And here is the problem.  Requiring a show to be 3rd place or better within just a few episodes is stupid.  As noted, it was doing better than other genre shows that season (though such comparisons have their weaknesses - comparing shows on different days is touchy).


----------



## Hand of Evil (Jul 30, 2004)

And FOX showed the show out of order too!  

Friday is just a bad night but FOX could have also put in on in the off season, had better ratings and built a following.


----------



## BiggusGeekus (Jul 30, 2004)

My understanding was that FOX OK'd the show, spent a ton of money, then took a look at the pilot and said "oh crap".

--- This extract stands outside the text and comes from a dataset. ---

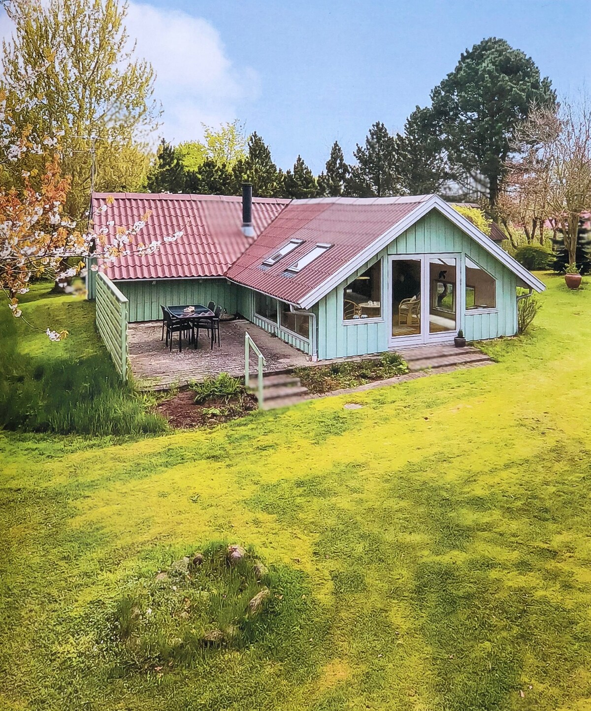 Acogedora casa de verano de 86 m2 con mucho espacio por dentro y por fuera. La casa de verano es libre de humo y se encuentra en la zona de Hesseløje, cerca de Bøjden en un entorno tranquilo. Hay 3 dormitorios (ancho de cama 180, 140, 120), 1 baño, cocina-comedor, sala de estar con vistas a la bahía de Helnæs. Terraza cubierta para los días de lluvia y una gran terraza de madera, donde se puede disfrutar de la puesta de sol en verano. Hay una corta distancia a una buena playa y zona natural. Posibilidad de pesca costera y kayak. La leña para la estufa de leña NO está incluida.
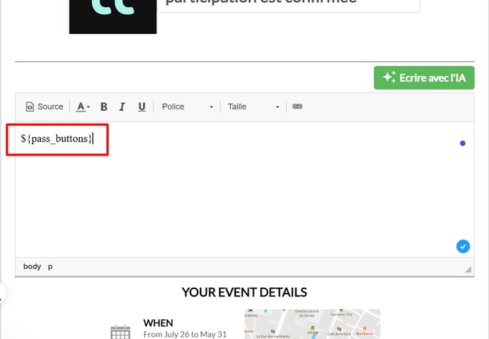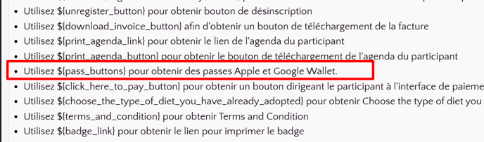Lors de l’édition de votre email de bienvenue, assurez-vous d'inclure la balise ${pass_buttons} dans le contenu. Cela permettra aux participants d'accéder facilement à leur pass mobile directement depuis l'email.

I kinda don't blame them.  _Firefly_ is at its best when seen through a second time.  There's the little things like Badger peeling an apple.  It's supposed to show that he's rich enough to afford fruit and throw away the peel.  But you don't really pick up on how rare fresh fruit is until the fourth or fifth episiode.  Telling a network executive that it's going to take six shows for people to pick up on an expensive TV show is the kiss of death.

Incidentally, for more fun, watch the _Firefly_ pilot next to the _Star Trek: Next Generation_ one.  _Firefly_ does a much better job of showing us how the characters feel but manages to reveal less about them, so their backgrounds and motivations are slowly revealed to us.  Compare that to, say, Geordi LaForge's character development or even Riker's.


----------



## Pants (Jul 30, 2004)

Tarrasque Wrangler said:
			
		

> Were the Fox programmers for this show using crack, shrooms, or perhaps some sort of opiate?



I don't if it's possible to use those substances when their heads are jammed far up their arses.
Fox did it TWO other popular shows (both starting with F as well...), Family Guy and Futurama, both of which pulled in some heavy dough and ratings due to CN and DVD sales.  



			
				BiggusGeekus said:
			
		

> My understanding was that FOX OK'd the show, spent a ton of money, then took a look at the pilot and said "oh crap".



I dunno... I was hooked with _Firefly_ from the pilot, and by all accounts, it is probably one of the better pilots I've seen.


----------



## Krug (Jul 30, 2004)

Just finished the DVD. Last episode was pretty weak, I thought. There were some gems but never really got involved in the characters the way I did with Buffy. I also can't stand the Chinese. Argh. It really bought me out of the show. Just skip it.


----------



## Mouseferatu (Jul 30, 2004)

Krug said:
			
		

> Just finished the DVD. Last episode was pretty weak, I thought. There were some gems but never really got involved in the characters the way I did with Buffy. I also can't stand the Chinese. Argh. It really bought me out of the show. Just skip it.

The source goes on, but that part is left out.